Osservando l'evoluzione delle guerre laggiù e l'intervento dell'Occidente, mi è venuta voglia di scrivere una sceneggiatura sulla Liberia. Quando ho scoperto la storia di Paul, ho trovato un messaggio ancora più forte. Nel bel mezzo di una delle più grandi tragedie del 20mo secolo un uomo ha il coraggio di reagire mentre tutti gli altri preferiscono restare nell'ignoranza. E' il genere di storia che mi piace raccontare nella sua forma più pura. Potete portare lo spettatore nel cuore dei fatti non solo mostrando tutto l'orrore di questi fatti, ma anche rendendoli partecipi dell'esperienza dei suoi simili nel film. E' una situazione che non si può creare con un documentario o un reportage".

Quale è stata la più grande difficoltà di questo film?
Recuperare il denaro! E' la cosa più assurda di questo progetto: la sceneggiatura e le riprese sono state le tappe più facili. E' stato invece difficile trovare i finanziamenti e una distribuzione.
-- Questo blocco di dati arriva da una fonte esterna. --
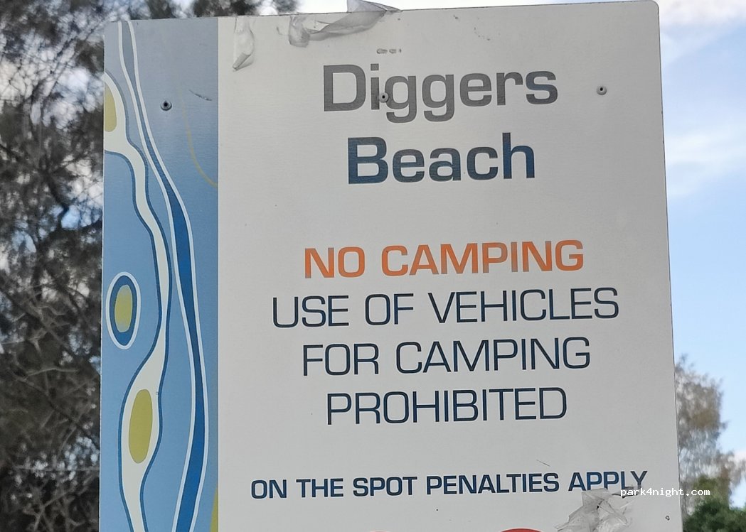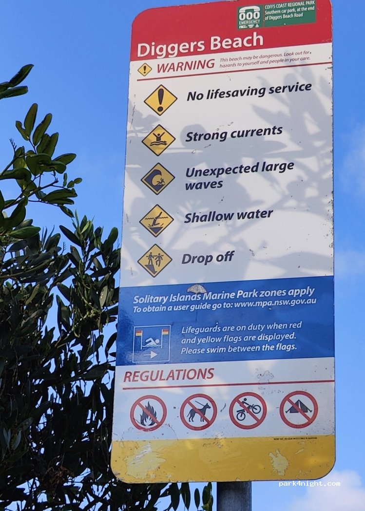 Beautiful free parking spot at Diggers Beach north off Coffs Harbour. V quiet in October and could easily take up 3 spaces in our 8m motorhome. Could get busy in high season as popular with surfers. Toilets and picnic tables. No overnight parking/ camping.
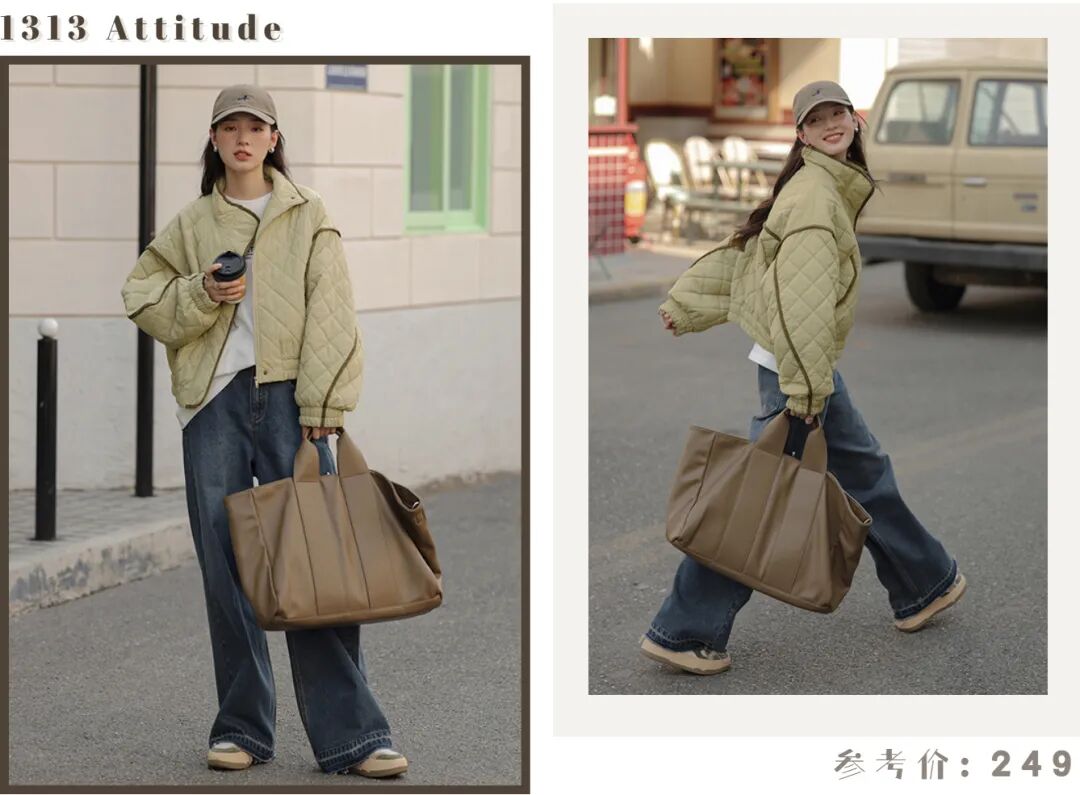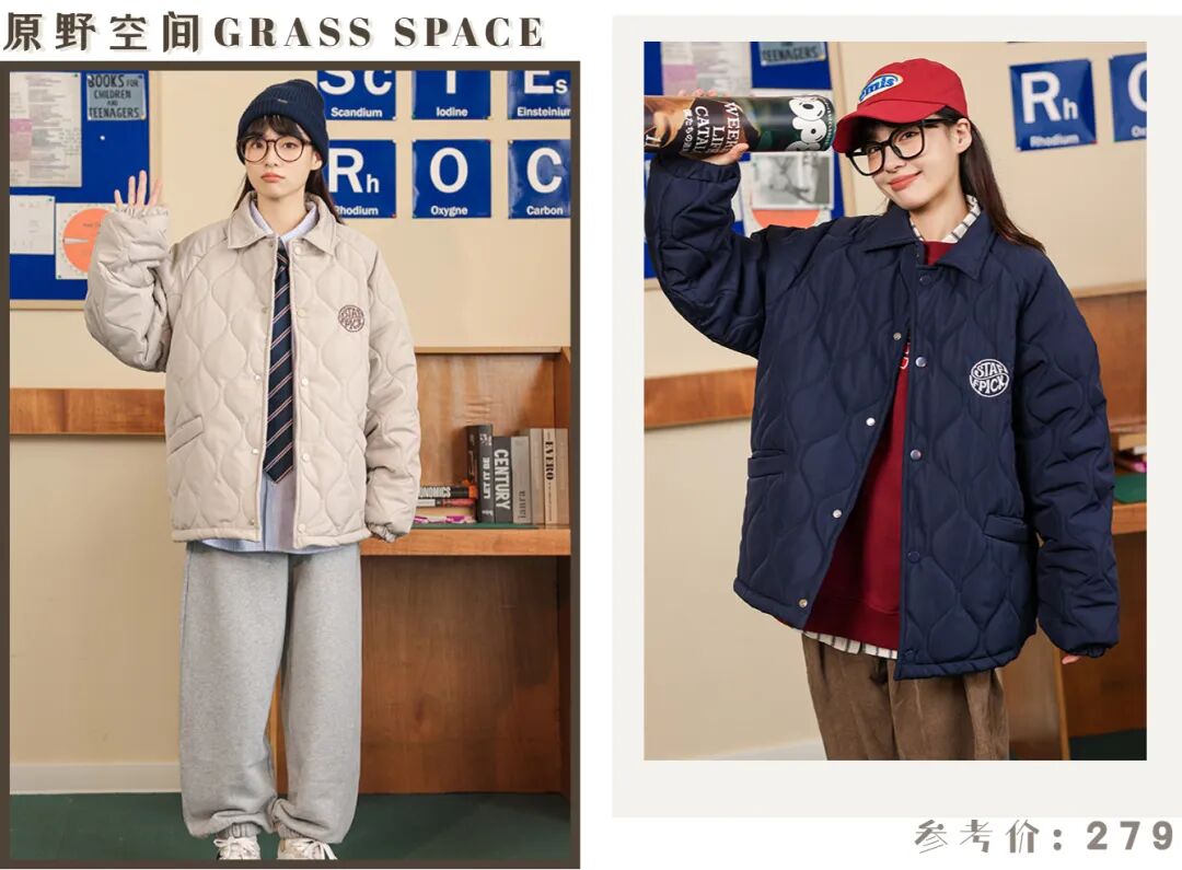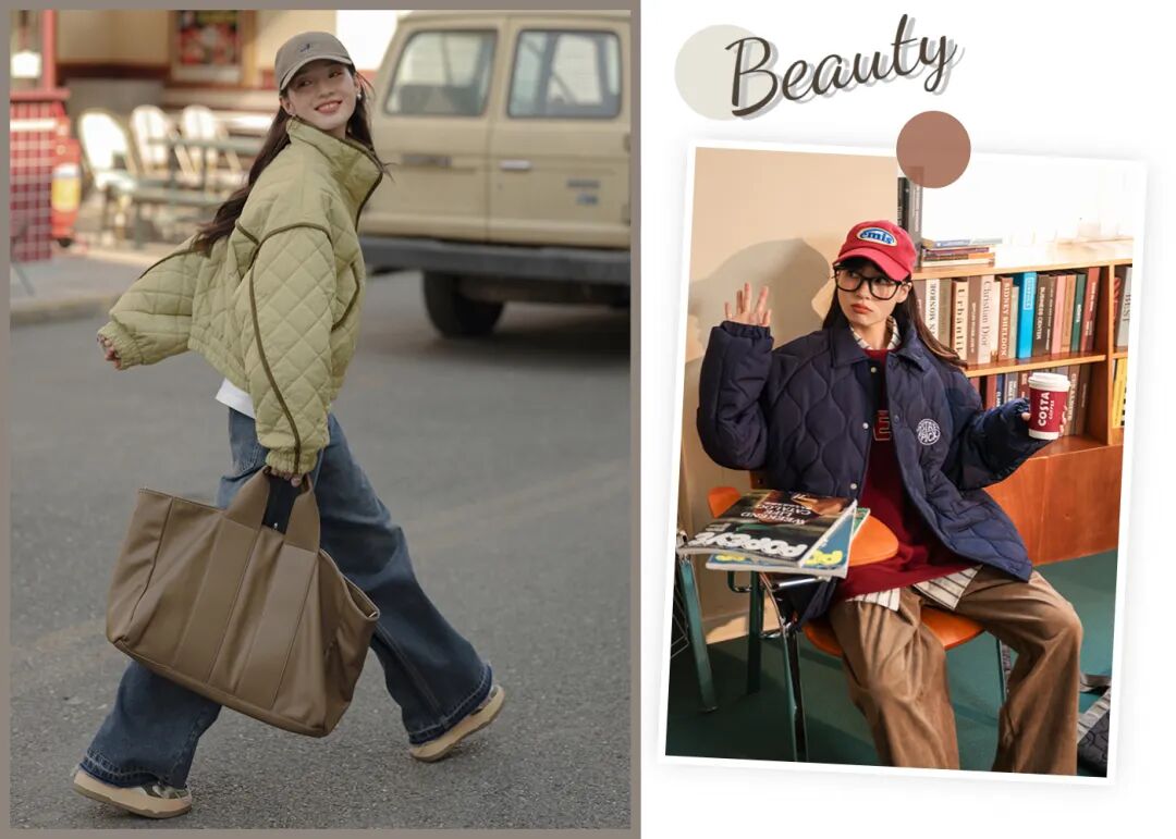 这种阔型的棉服,就比较有休闲的感觉,随性又自在,百搭不挑人,随便搭条裤子就很好看!

Prima ho cercato finanziatori a Hollywood, senza alcun esito. Poi, con il mio partner Alex Ho, abbiamo deciso di percorrere la strada del cinema indipendente. Abbiamo trovato fondi in Sud Africa, Inghilterra e Italia. Nonostante questo, al secondo giorno di riprese eravamo ancora senza un soldo… Alex e io abbiamo finanziato la pre-produzione. Era particolarmente angosciante. Fortunatamente, l'intensità e l'importanza del soggetto ci hanno aiutati a riunire il cast e una troupe. Erano tutti motivatissimi e abbiamo passato dei momenti molto belli sul set a Johannesburg.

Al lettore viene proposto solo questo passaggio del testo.